WORK ORDER :: The line with "Between 2002 and" through the last line of the entries: give these again exactly, and only these, without any pictures.

(Items listed in a dataset)
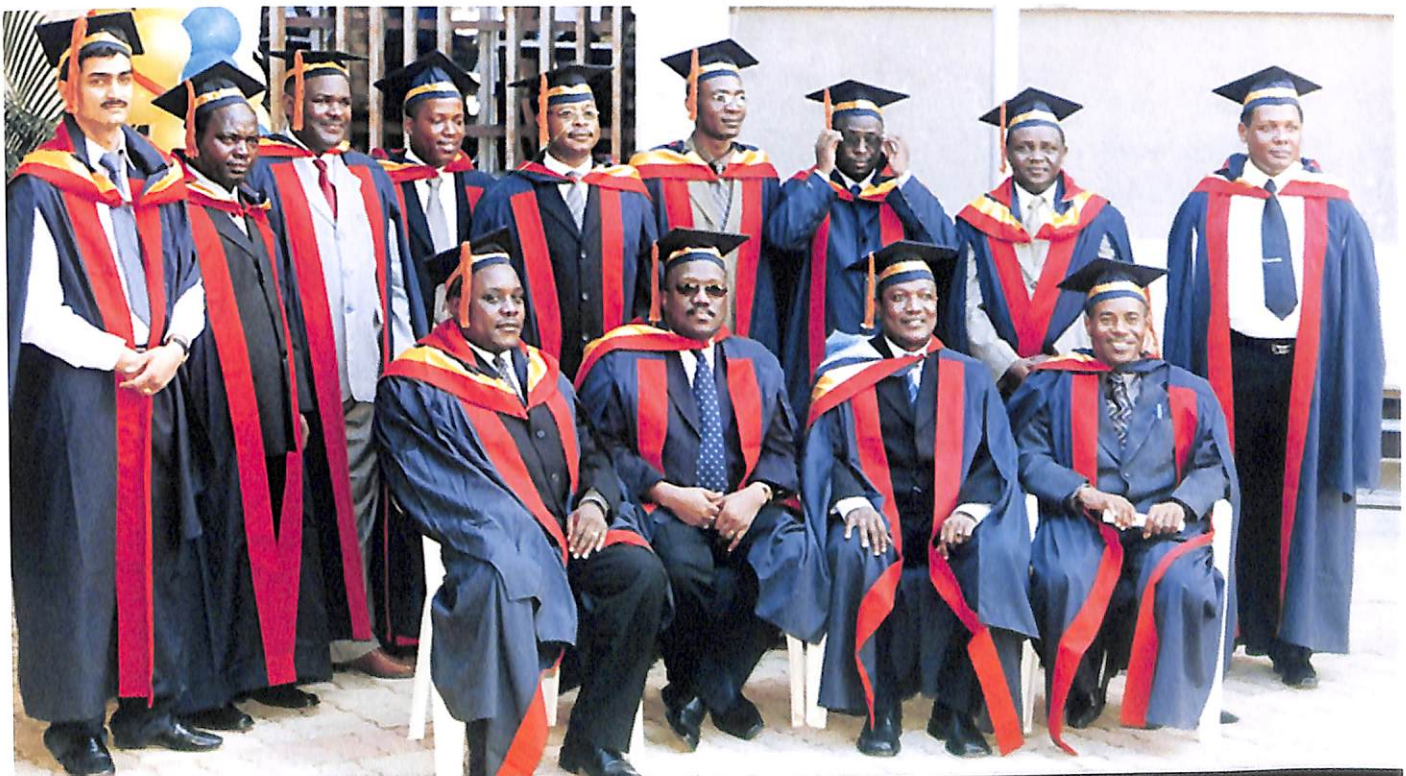
A cross section of MBA International Business Graduands on March 14, 2006.

The Director urged the MBA graduates to make use of the skills they had acquired in the MBA programme for the betterment of Tanzanians.
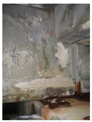
Span 176; East elevation
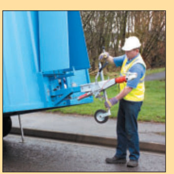
1 minute: unhitched from towing vehicle
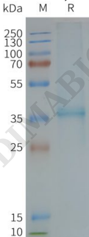
Figure2. Human XCR1-Nanodisc, Flag Tag on SDS-PAGE
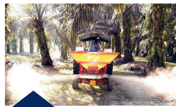
Stainless steel spreading mechanism
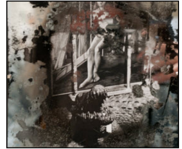
Cynthia Rettig "Bronze Alligator"

Tucked away in the northeast corner of the main gallery I discovered Cynthia Rettig's 50-50 "Nature Series" exhibit, an eclectic selection of photographs behind mirrors, in which portions of the mirror coating had been strategically removed to reveal a section of the image. When I took the photos of the exhibit, I felt as if it was
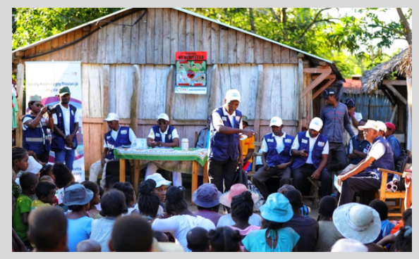
Men involved in the fight against GBV raise awareness among their peers and the entire community
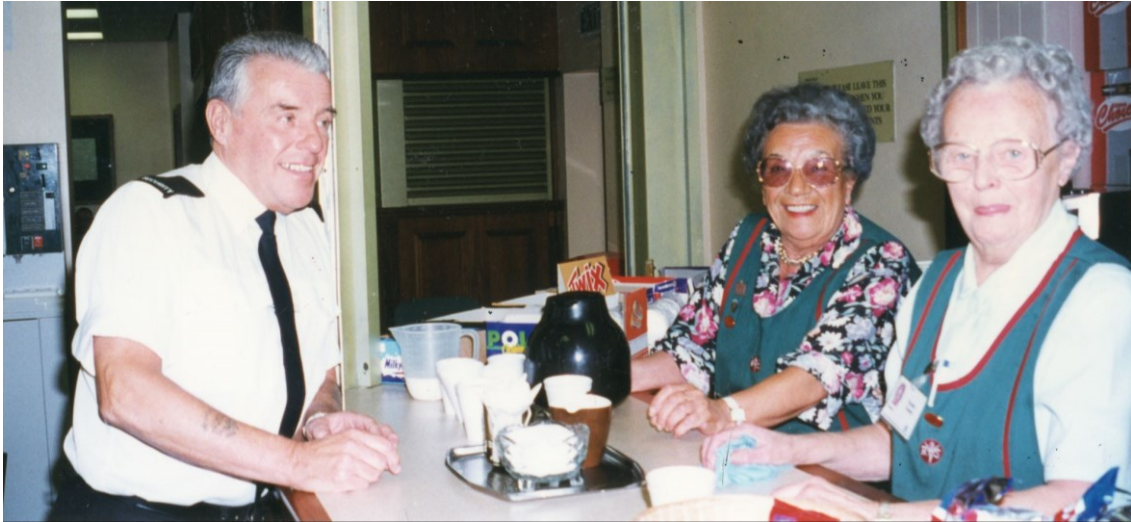
WRVS Members staffing the Wakefield Magistrates Court Canteen in the late 1990s. It was one of the last to close in 2005. WRVS/HQ/PBY/MKTPPRIS/CCAN001. Unknown Copyright

Between 2002 and 2005 all of the court canteens along with prison canteens, child contact centres and toy libraries were either closed, transferred to other bodies or set up as their own independent charities 6 .
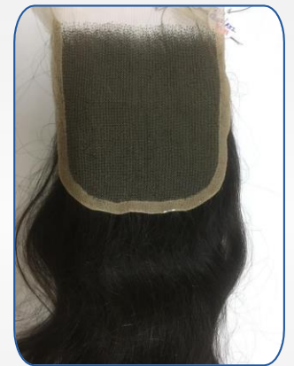
5 x 5" closure
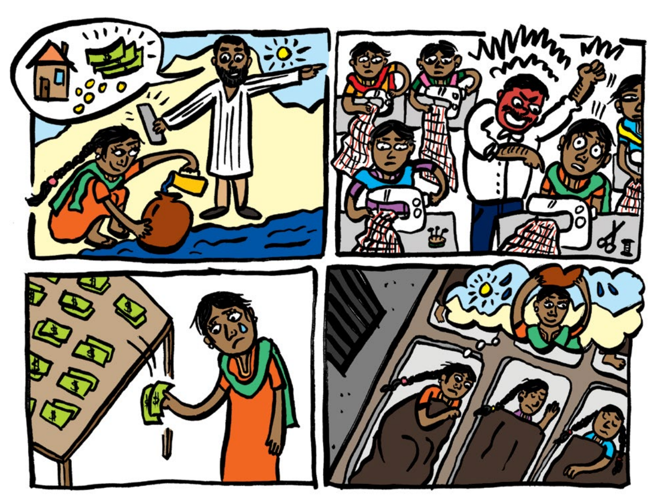
Working conditions for female migrants in Indian garment factories

This report is structured according to the strategic principles of our organisation. We will briefly introduce each principle and describe some concrete examples of our work in this field. Our aim with this report is to highlight our work and the successes we have achieved, based on concrete examples.
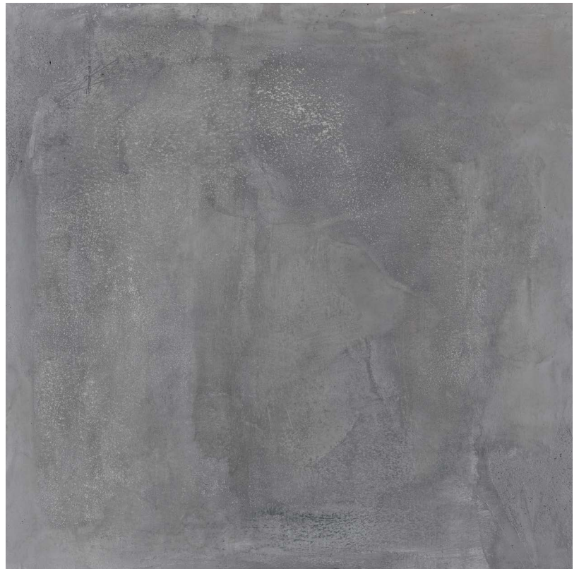
| 40x40 |
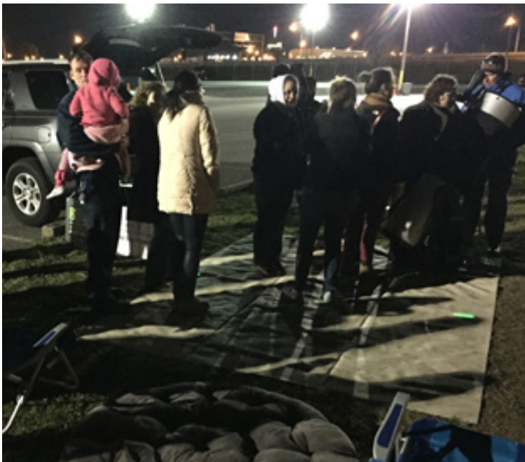
A line forms to look through the scope at Masterman Charter School

Our night could not have been better. Our host site was the Masterman Charter school who conducted the event behind their building on their playground. A wide view of sky, with few objects close by to block our horizon provided us a clear view in all directions. Weather conditions were fantastic and seeing was exceptionally clear, with little air movement, stable temperatures, and low dew points.
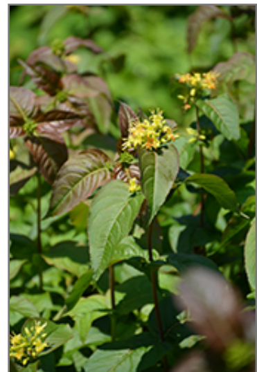
Kodiak Black Diervilla flowers
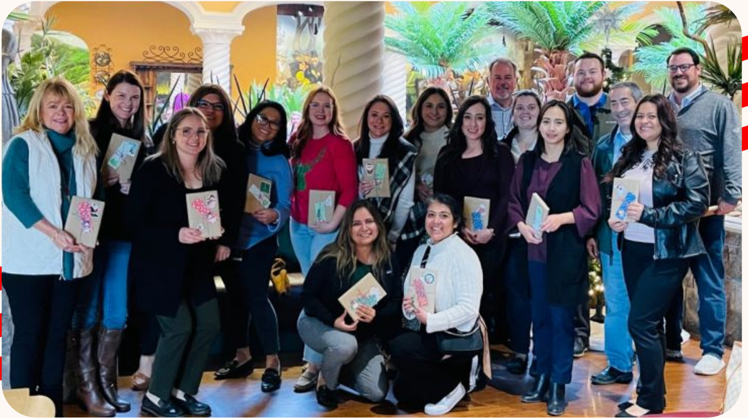
PASPB Board of Directors, Committee Chairs, and past presidents
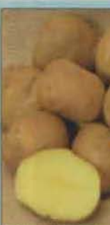
LADY CHRISTL - High yielding with a great new potato flavour; RHS Award of Garden Merit.

SOLUTION FOR THIS EXERCISE ::
Between 2002 and 2005 all of the court canteens along with prison canteens, child contact centres and toy libraries were either closed, transferred to other bodies or set up as their own independent charities 6 .
5 x 5" closure
Working conditions for female migrants in Indian garment factories

This report is structured according to the strategic principles of our organisation. We will briefly introduce each principle and describe some concrete examples of our work in this field. Our aim with this report is to highlight our work and the successes we have achieved, based on concrete examples.
| 40x40 |
A line forms to look through the scope at Masterman Charter School

Our night could not have been better. Our host site was the Masterman Charter school who conducted the event behind their building on their playground. A wide view of sky, with few objects close by to block our horizon provided us a clear view in all directions. Weather conditions were fantastic and seeing was exceptionally clear, with little air movement, stable temperatures, and low dew points.
Kodiak Black Diervilla flowers
PASPB Board of Directors, Committee Chairs, and past presidents
LADY CHRISTL - High yielding with a great new potato flavour; RHS Award of Garden Merit.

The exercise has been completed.